Global Discrimination of Women
Public Harassment in Afghanistan
Due to the extreme amount of discrimination of women in the workplace in Afghanistan, women are expected to stay at home and care for children and men. Most women who do participate in other jobs, however, are usually harassed and abused. On their way to work, most Afghan women have “experienced physical harassment, including groping, pinching and slapping” (Akbar 1). Men often harass these women is hopes that they will be too scared to leave the house again. Akbar, a women’s rights activist, writes that “The frequent harassment of women in public spaces in the cities of Afghanistan is a mirror of how the society views women and what it considers to be a woman's job or place” (Akbar 1). In places such as Kabul, Herat, Juzjan and Qunduz, men sometimes throw acid on women’s faces in order to discourage them from working or educating themselves.
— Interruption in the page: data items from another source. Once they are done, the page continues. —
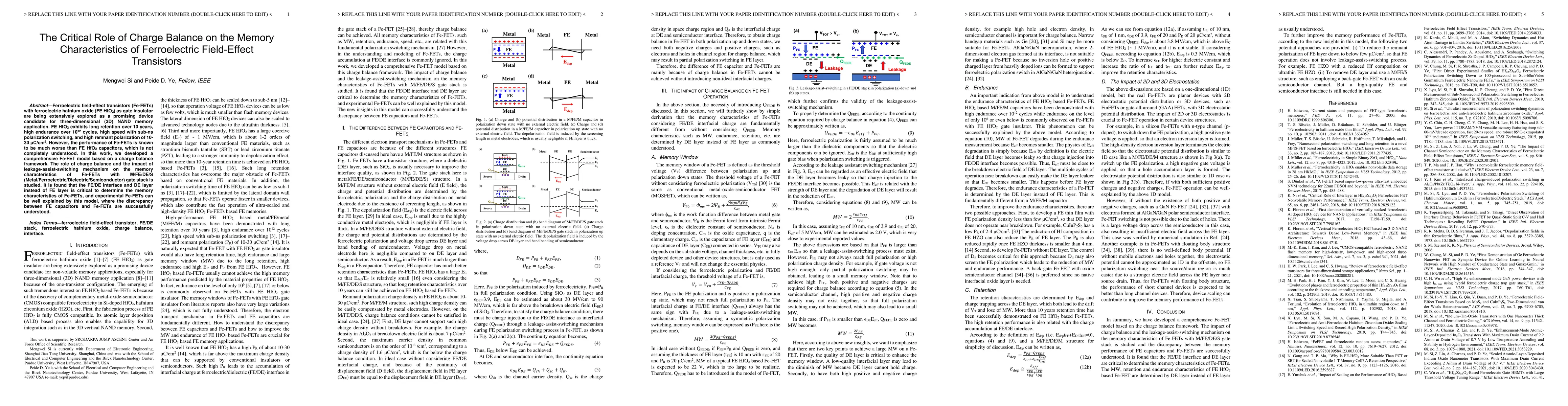 This paper explores the memory performance of ferroelectric field-effect transistors (Fe-FETs) using a charge balance model, revealing that the FE/DE interface and DE layer, rather than the FE layer, critically determine Fe-FET memory characteristics. The study explains the performance discrepancies between Fe-FETs and ferroelectric capacitors.
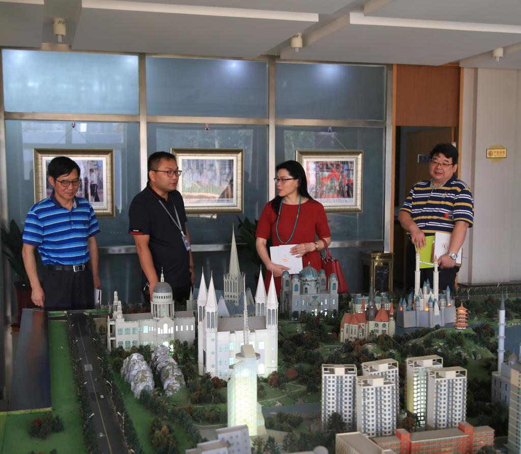 交流结束后,湖北师范大学继续教育学院一行实地考察了规划沙盘、雕塑学院、鸡鸣古城、帝国广场、老庄文化研究中心展厅等校园环境。考察期间,石教磊书记对best365官网近年来所取得的成绩给予了高度的赞赏。
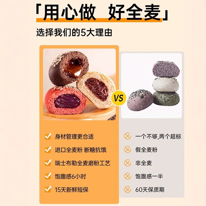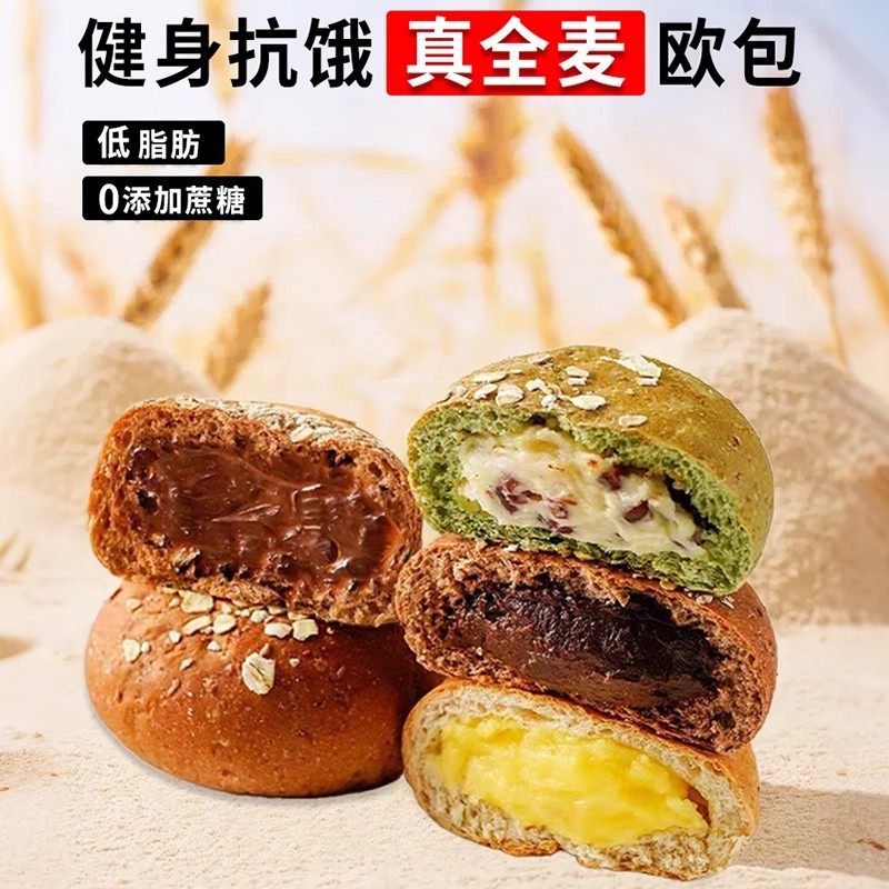 全麦欧包减低脂肪0早餐面包卡无糖精无油夹心整箱代餐饱腹零食品
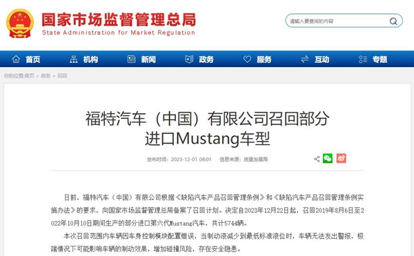 福特将自2023年12月22日起,召回共计5744辆进口第六代Mustang汽车。召回原因是车辆因车身控制模块配置错误,当制动液减少到最低标准液位时,车辆无法发出警报,极端情况下可能影响车辆的制动效果,增加碰撞风险,存在安全隐患。
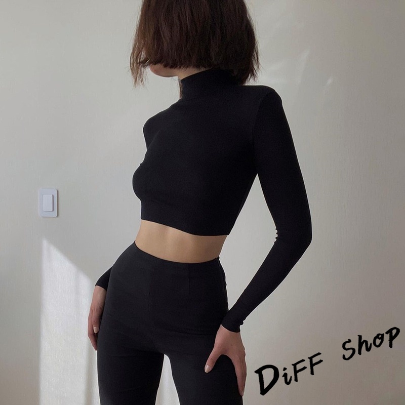 【DIFF】韓版半高領緊身內搭打底長袖上衣 短版上衣 長袖上衣 女裝 衣服 顯瘦上衣 長袖t恤 素T 素色【W268】
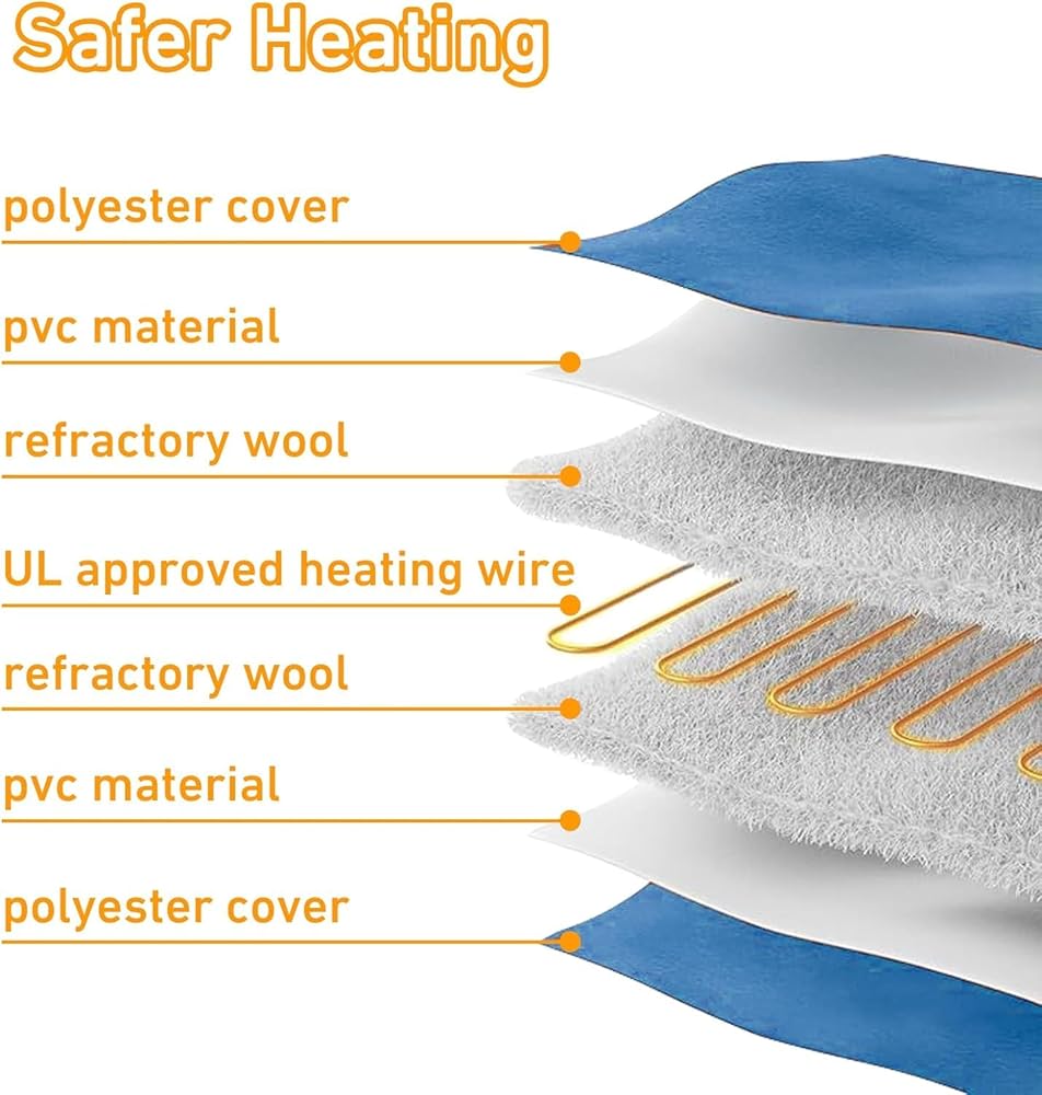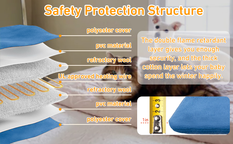حماية من انقطاع التيار الكهربائي: يمكن لسرير الحيوانات الأليفة المُدفأ في الداخل مع التحكم في درجة الحرارة للحماية من انقطاع التيار الكهربائي تجنب ارتفاع درجة الحرارة لحماية حيواناتك الأليفة. ولكن يرجى إبقاء وسادة التدفئة للقطط مسطحة أثناء الاستخدام (حاول عدم طيها أكثر من 90 درجة عند استخدام سرير الحيوانات الأليفة الساخن في الهواء الطلق).
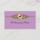 Cartões de visitas elegantes da preparação do animal de estimação com acentos metálicos simulados do ouro, um símbolo do impressão da pata do animal de estimação, e texto bonito no roteiro extravagante na parte dianteira, com toda sua informações de contacto pertinente na parte traseira você pode personalizar ao seu gosto. Projetado para um groomer do animal de estimação, um salão de beleza do animal de estimação, ou um serviço dos cuidados dos animais de estimação.
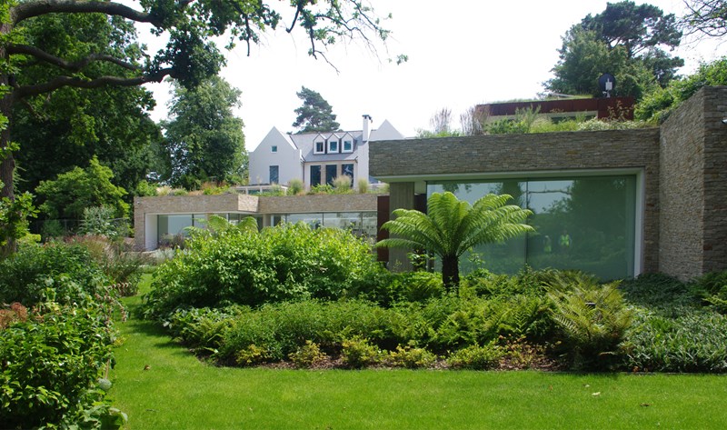 This house sits below a flat roof garden, which is flush with the ground floor level garden of the original house being replaced to our design as Camlet Way 1. This solution significantly reduces the impression of an overcrowded site prevalent in most back garden developments.
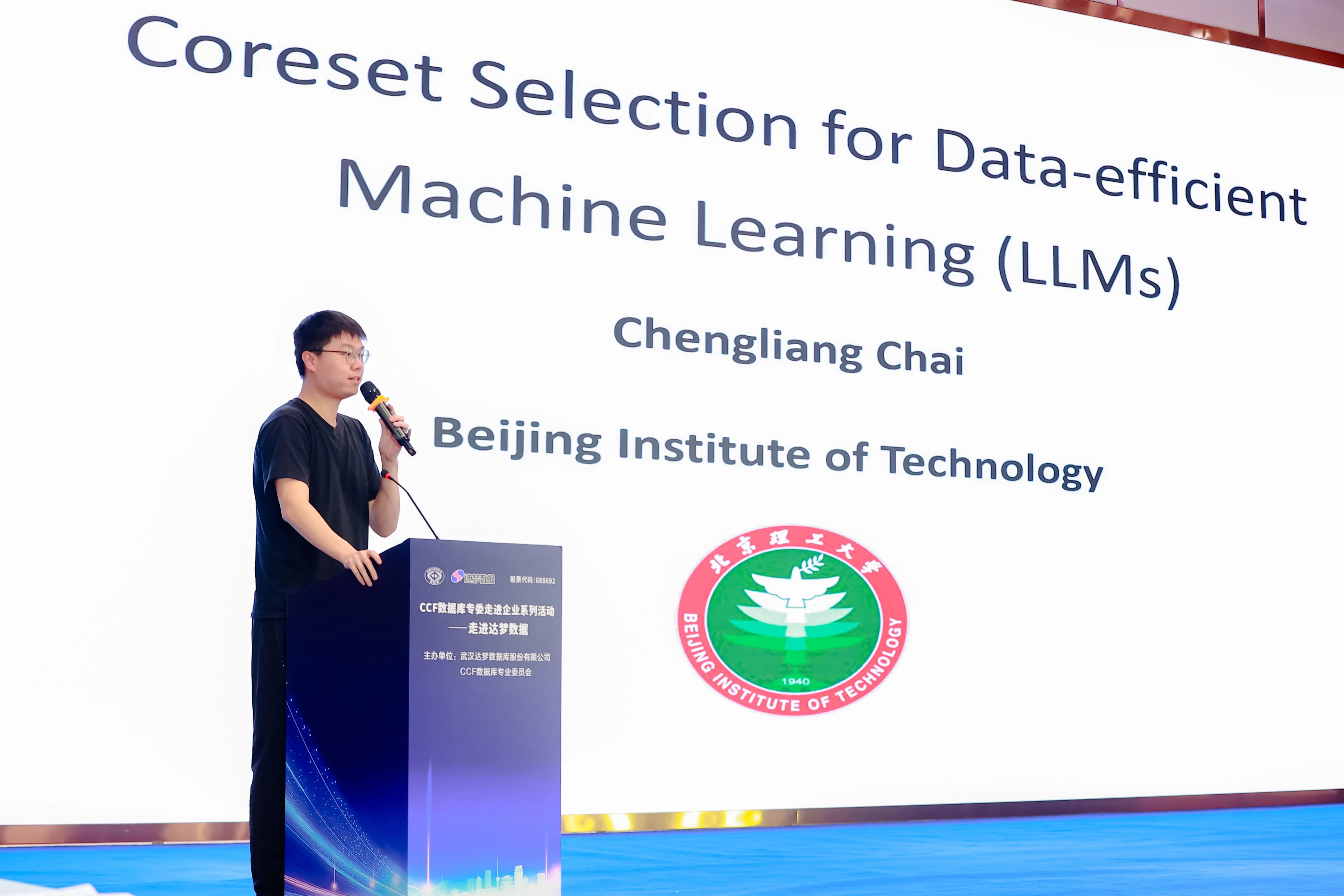 北京理工大学计算机学院副教授柴成亮为现场嘉宾带来《Coreset Selection for Data-efficient Machine Learning (LLMs)》报告,介绍了该团队在高效模型训练方面的研究。

In addition, some Afghan National police participate in the public harassment of women. Unfortunately, many Afghan women feel the only way they may fight back to these men is by simply ignoring them which rarely ends the crime.
Equal Rights Advocates
The ERA, or Equal Rights Advocates, “has been part of many important cases that have changed the working conditions, opportunities, and treatment of women” (ACB CLIO 1). Beginning in 1974, the group has tried “eliminating discriminatory practices that deny women advancement opportunities, equal compensation, and access to certain occupations” (ABC CLIO 1). In addition, the ERA has helped increase the number of women who participate in jobs typically for men (firefighters, police officers, etc). The ERA has also created protests in which attempted to elinate physical and verbal harassment in the workplace. Finally, the ERA has campaigned for the rights of pregnant women in the workforce. The ERA is one of many world wide organizations which are vital to eliminating the discrimination of women.